The award for the book on the 2016 Fort McMurray, Alta., forest fire was announced Tuesday night at the Politics and the Pen fundraising event in Ottawa.
“Like a blazing inferno that commands our attention and awe, we cannot look away from Fire Weather,” said a citation by the jury that selected the Knopf Canada book as the best among five finalist titles.
“This is a deeply compelling, skillfully crafted story packed with information but completely free of ponderous lecturing. It is terrifying in its honest, textured description of what we have wrought in the name of progress, what we stand to lose, and where we might find the possibility of hope.”
In remarks to a gala where the award was presented, Vaillant told an audience that included other writers, journalists and federal cabinet ministers that he was honoured to be awarded the prize for his book.
Of the work of writing his book, an effort that took seven years. “It turned my hair grey and wrecked my eyes,” he said, quipping that the process of seeing it through was like having an affair.
“You’re having an affair right under your wife’s nose with this other thing, you know, and in this case, it was fire,” he told an audience that included his wife, Nora, whom he thanked.

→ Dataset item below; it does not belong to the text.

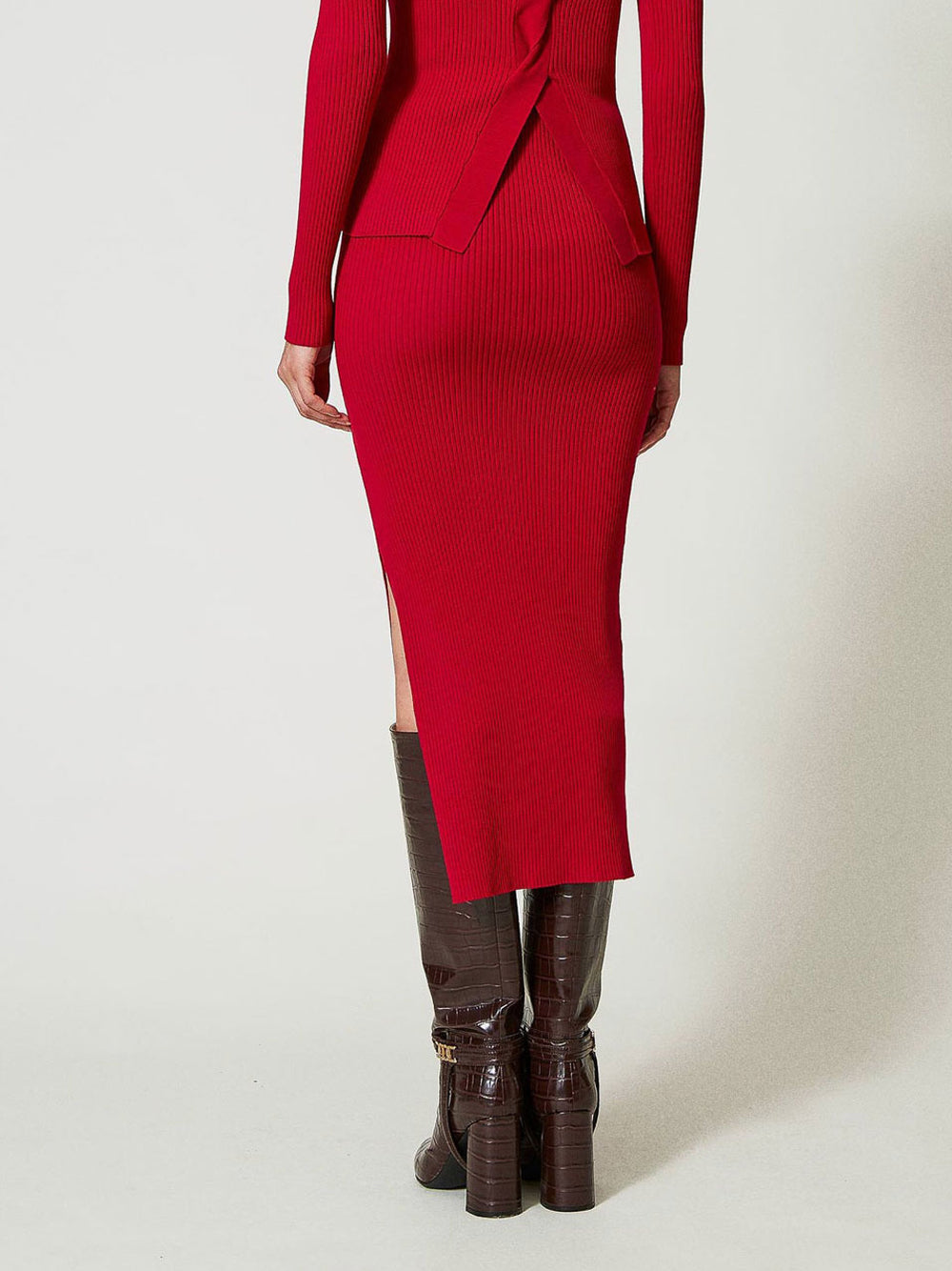 Gonna Longuette Twin Set Con Spacco da Donna - Rosso

“Fire, you know, is hot and time consuming.”
He said he was changed and profoundly moved by what he learned and experienced researching the book in Fort McMurray where he noted that people welcomed him and were open about telling their stories.
“What makes the book powerful is the voices in it.”
Vaillant lives in Vancouver. His previous non-fiction books include The Golden Spruce and The Tiger. He is also the author of a novel, The Jaguar’s Children.
Fire Weather has already received a number of other honours including being picked as one of The New York Times top 10 books of 2023. This week, Vaillant was a finalist in the general non-fiction category of the Pulitzer Prize.
The jury for the Shaughnessy Cohen award consisted of past prize winner Joanna Chiu, honoured in 2022 for her book China Unbound: A New World Disorder, as well as past prize finalist Dale Eisler, nominated in 2023 for his book Saskatchewan’s Political and Economic Transformation. Former Ontario premier Kathleen Wynne was also on the panel.
The prize, named for the late Windsor, Ont., MP and sponsored by Canadian National Railway Co., honours a book of literary non-fiction that captures a political subject of relevance to Canadian readers and has the potential to shape or influence thinking on Canadian political life.
The other finalists, who receive $2,500, were:
- Not Here: Why American Democracy is Eroding and How Canada Can Protect Itself. By Rob Goodman, published by Simon & Schuster Canada.
- Indictment: The Criminal Justice System on Trial. By Benjamin Perrin, published by Aevo UTP.
- Canada: Beyond Grudges, Grievances and Disunity. By Donald Savoie, published by McGill-Queen’s University Press.
- The Age of Insecurity: Coming Together as Things Fall Apart. By Astra Taylor, published by House of Anansi Press.